Question

What is the cofficient of Cr^2+?

Answer 1

`2Cr^(2+)`

Explanation:

Start by finding what has been oxidized and what has bee reduced by inspecting the oxidation numbers:

In this case:
`Cr^(2+)(aq) -> Cr^(3+)(aq)`
Is the oxidation
and
`SO_4^(2-)(aq) -> H_2SO_3(aq)`
is the reduction
Start by balancing the half equations for oxygen by adding water:

`SO_4^(2-)(aq) -> H_2SO_3(aq) + H_2O(l)`
(Only the reduction includes oxygen)

Now balance hydrogen by adding protons:

`4H^(+)(aq)+SO_4^(2-)(aq) ->H_2SO_3(aq) + H_2O(l)`
(again, only the reduction involves hydrogen)
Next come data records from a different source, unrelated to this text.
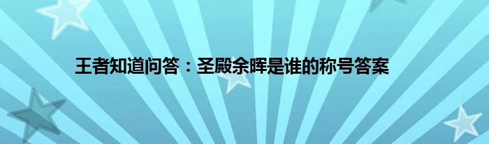 以上就是王者知道问答:圣殿余晖是谁的称号答案的推荐,相信通过王者知道问答:圣殿余晖是谁的称号答案这篇文章能帮到你,也欢迎对游戏很感兴趣小伙伴们一起来探讨。
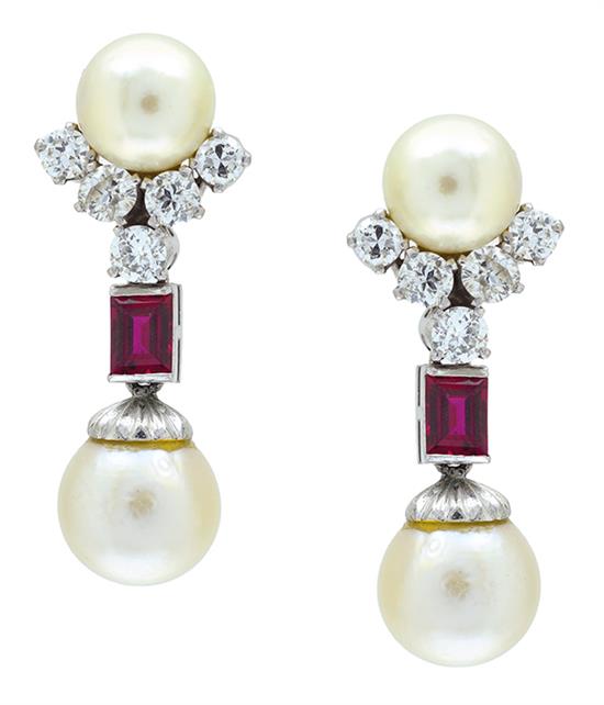 A PAIR OF CULTURED PEARL, RUBY AND DIAMOND EARRINGS
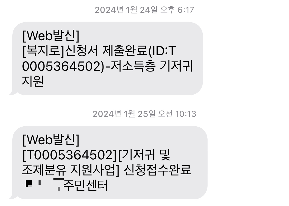 1) 둘째 아이가 23년 9월에 태어났고 23년에는 중위소득 80% 초과라 신청하지 않음
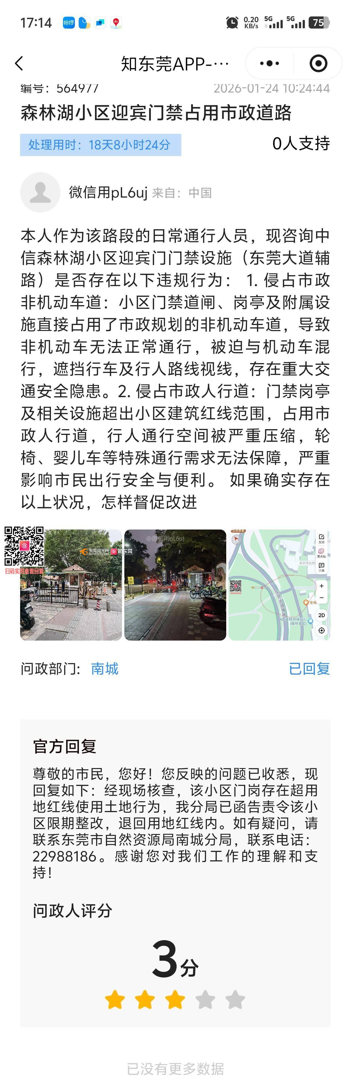 2026年1月份,在阳光问政问过森林湖小区迎宾门门禁占用人行道路的问题,当时相关工作人员已经回复给我,小区门禁确实占用市政道路,小区管理方已经答应整改,由于过年期间,时间不便,现已四月,目前这个情况还没有整改,和原来一样。
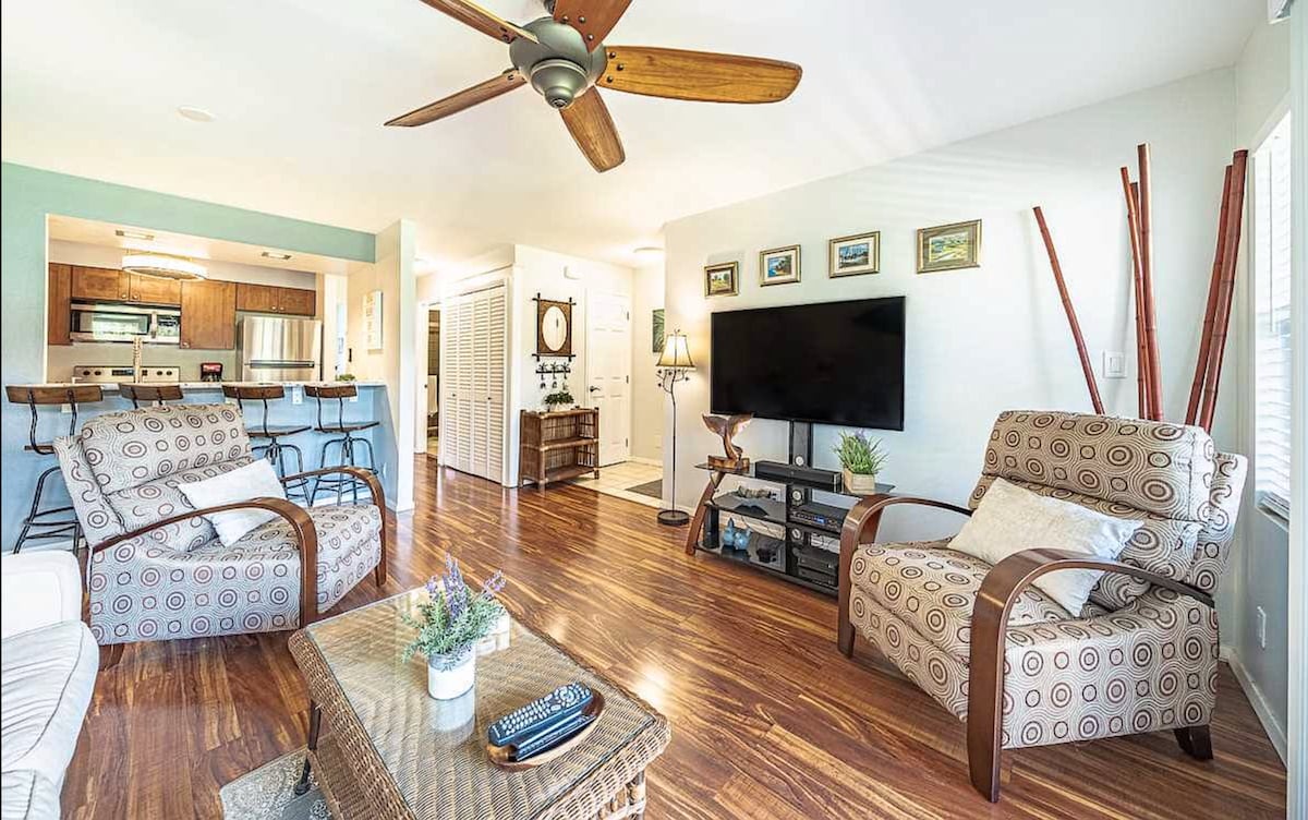 Ekahi says it all. Don't come all the way to Maui to stay in a bargain space. Unit 47A is a one bedroom (with sleeper sofa), two-bath renovated on the ground floor. This means a larger lanai than upper units. It also means that when you step off that lanai, you step onto A LOT of grass. Our condo is a 5-minute (barefoot) walk to the most wonderful of all Maui beaches; a ten-minute walk to the shops at Wailea. Restaurants nearby. Convenient yet without the road noise.2067153903 Privacy and peace.
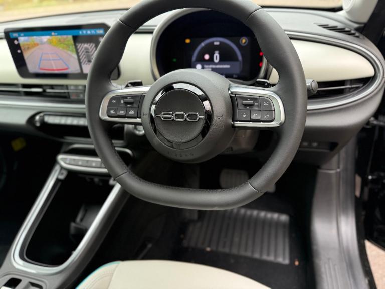 Fiat 600 1.2 Hybrid 48V 136 La Prima 5dr eDCT-6. Discover the brand new 2025 Fiat 600 La Prima, a stylish and efficient choice for your next vehicle. This particular model boasts a 1.2 litre petrol hybrid engine, meeting Euro 6 emission standards for cleaner driving. Experience effortless entry and starting with Passive Entry and Keyless Go, while Blind Spot Detection, including Blind Spot Assistance, enhances your awareness on the road. Stay comfortable in all conditions with Automatic Climate Control and enjoy the convenience of Rain and Dusk Sensors that automatically activate the headlights. The Fiat 600 La Prima offers a dynamic driving experience, accelerating from 0 to 62 miles per hour in just 8.5 seconds. This impressive performance, combined with its advanced features like keyless entry and automatic climate control, sets it apart from other vehicles in its class. The inclusion of Blind Spot Detection and automatic headlights further demonstrates its commitment to safety and convenience, making every journey smoother and more secure..Saving 5,212 Off List Price.360 degree parking sensors with 180 degree rear view camera, 7'' TFT digital cluster, Autonomous driving level 2: Adaptive cruise control with stop & go and lane centering, Blind spot detection, Bluetooth connectivity, BSRF connectivity box, Connected services, Drowsy driver detection, Emergency E-call assist, Engine emission level default, GSR II step 1, Hands free power liftgate, Intelligent speed assist, Lane keeping assistant (LKA), Odometer, Power assist steering, Rain and dusk sensors, Semi-automatic parking with Visiopark 1 system, Traffic sign recognition, Wireless apple car play/android Auto, Wireless charging pad for smartphones, Without drive mode selector, L2-AGM 12V battery, 1st Row USB type-A and USB type-C, 2nd Row USB type-C, 6 speaker audio system, Radio, Uconnect infotainment 10.25'' touchscreen with integrated navigation system and DAB, All power windows express Up/Down, Auto dimming frameless rear view mirror, Automatic headlights, Automatic high/low beam, Body coloured door handles, Chrome day light openings, Chromed exhaust tip, Electric adjustable/heated/folding door mirrors, Exterior chrome accents, Front and rear Chromed 600 logo, Gloss black finish B pillar, Gloss black shark fin antenna, Glossy black door mirrors, Heated windscreen wiper blade area, LED 3rd brake light, LED daytime running lights, LED Fog lamps with cornering function, LED front signature
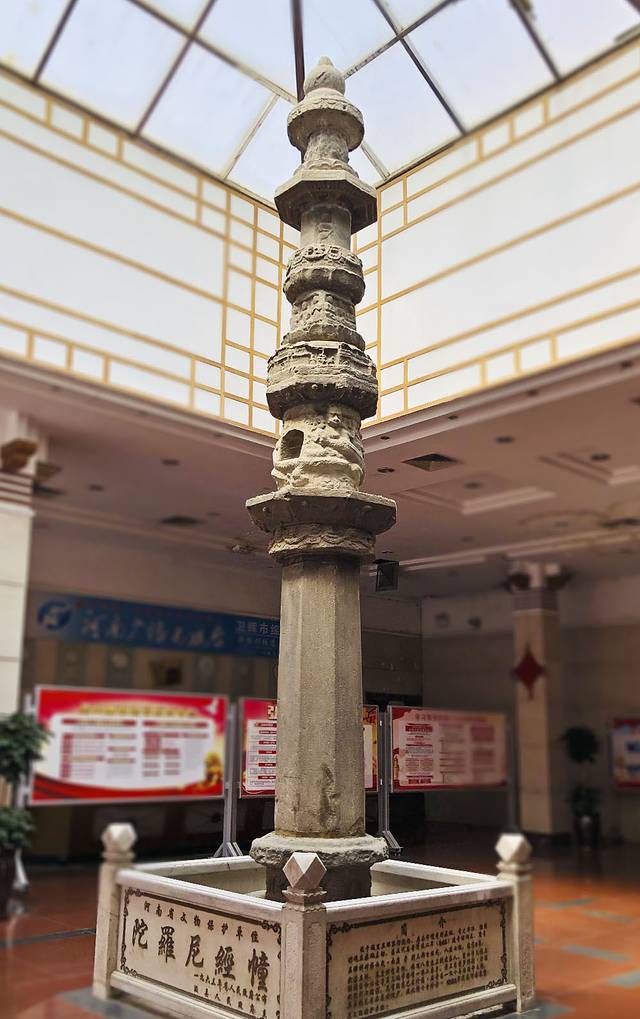 下一个目标是卫辉宾馆,陀罗尼经幢立在一个单独的大厅内,由一个保安看守,但可以入内参观。
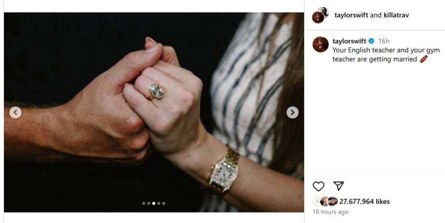“Таны англи хэлний багш, биеийн тамирын багш хоёр гэрлэх гэж байна” хэмээн бичиж, гэрлэх саналыг хүлээн авч буйгаа баталсан гэрэл зургуудыг нийтэлжээ. Түүний хуримын бөгжийг Artifex Fine Jewellery компанийн загвар зохион бүтээгч Киндред Любек урлажээ. Дуучин Avril Ramona Lavigne, супермодель Cara Delevingne зэрэг олон алдартнууд Инстаграм хуудсаараа дамжуулан баяр хүргэсэн бол АНУ-ын Ерөнхийлөгч Donald Trump “Амжилт хүсье. Тэр үнэхээр гайхалтай тоглогч, гайхалтай залуу. Харин Taylor swift бол үнэхээр гайхалтай хүн гэж бодож байна” хэмээжээ.
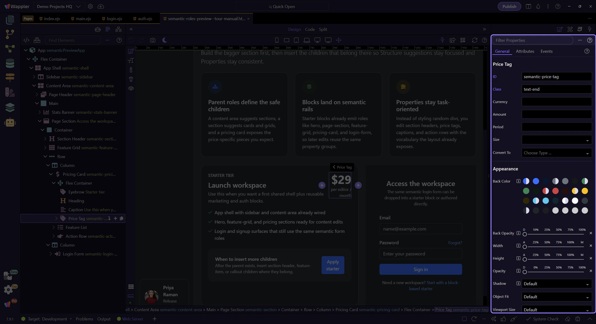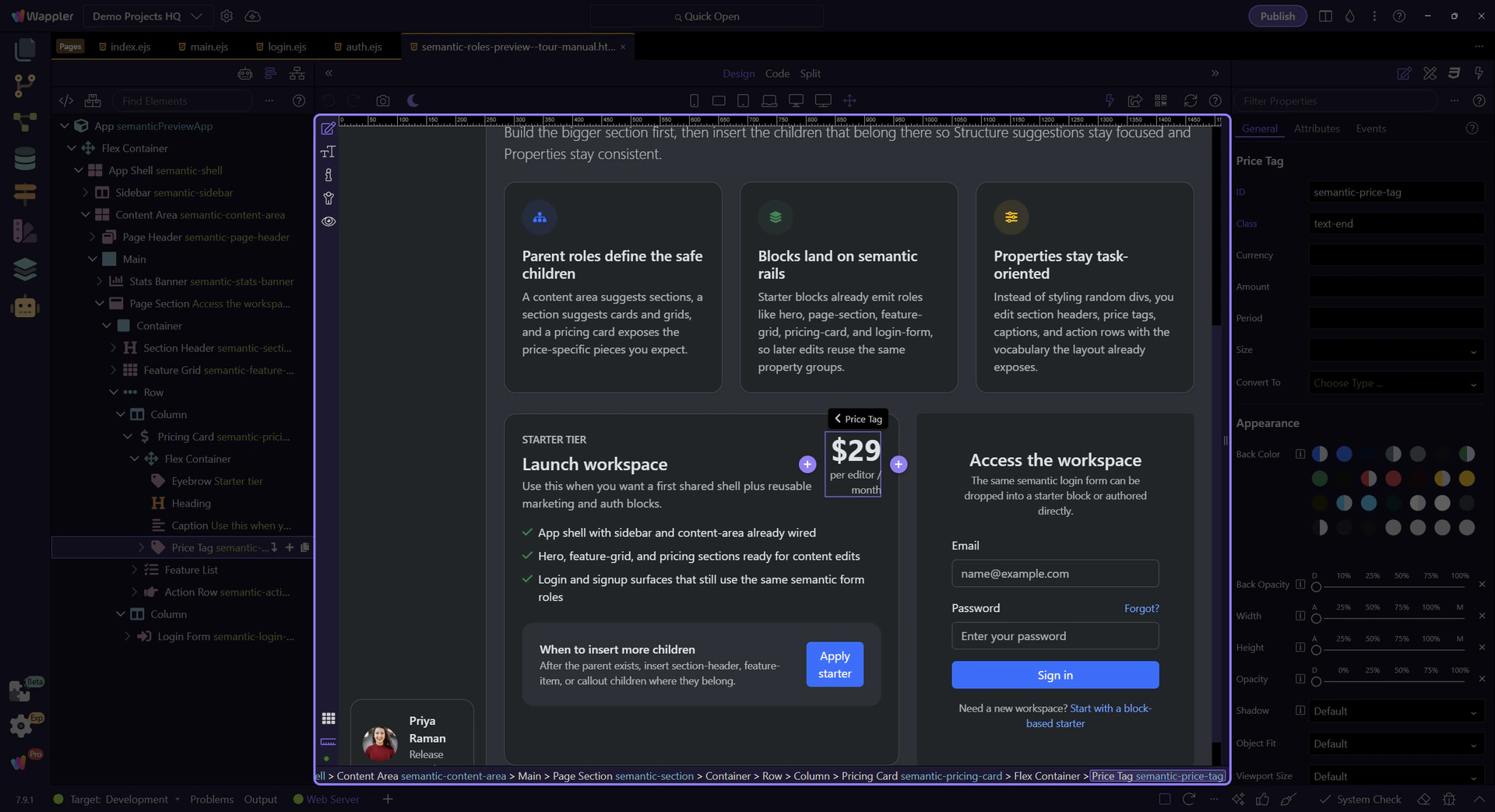 Section titled “Role-specific properties”Selecting a specialized child like a price tag shows why the role system matters: the Properties panel can focus on the thing the element means, not just on raw classes.
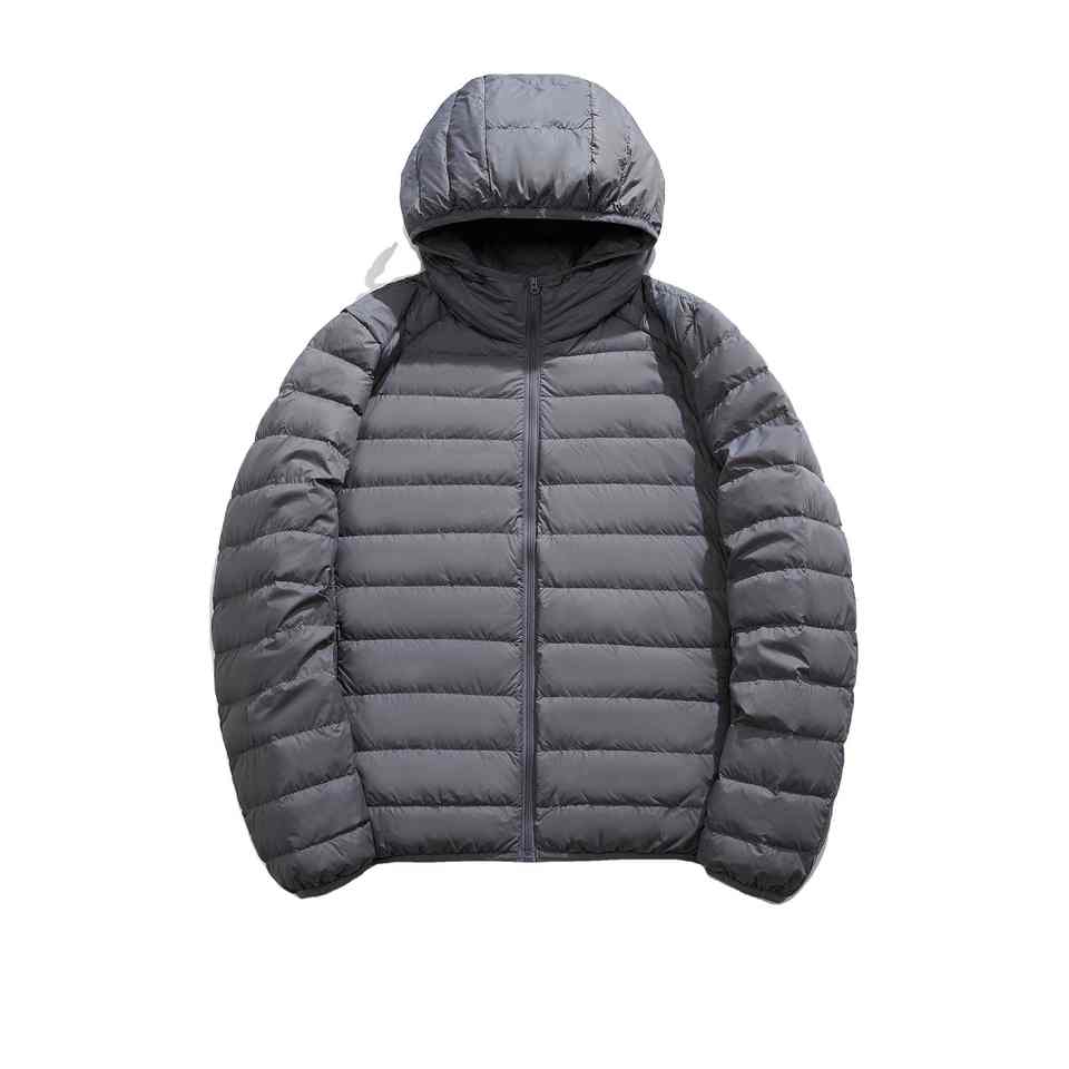 Chaqueta larga acolchada de algodón para hombre, cuello levantado con capucha, logotipo frontal, impermeable, a prueba de viento, informal, de invierno

Now balance each half-equation for charge by adding electrons to the more positive side:
`Cr^(2+) -> Cr^(3+) + e^-`

`4H^(+)+SO_4^(2-)(aq)+2e^- -> H_2SO_3(aq) + H_2O(l)`

And to equalize the electrons, multiply the whole half equation with the least electrons by an integer to equal the other half-equation in the number of electrons, thereby balancing the electrons on both sides of the equation:

`2Cr^(2+) -> 2Cr^(3+) + 2e^-`

Now combine everything and remove the electrons (as they in equal amounts on both sides they can be canceled in this step - otherwise just simplify as far as possible)

`4H^(+)(aq)+SO_4^(2-)(aq)+2Cr^(2+)(aq) -> 2Cr^(3+)(aq)+H_2SO_3(aq) + H_2O(l)`

Now the equation is balanced and we can see that the coefficient to `Cr^(2+)` is 2.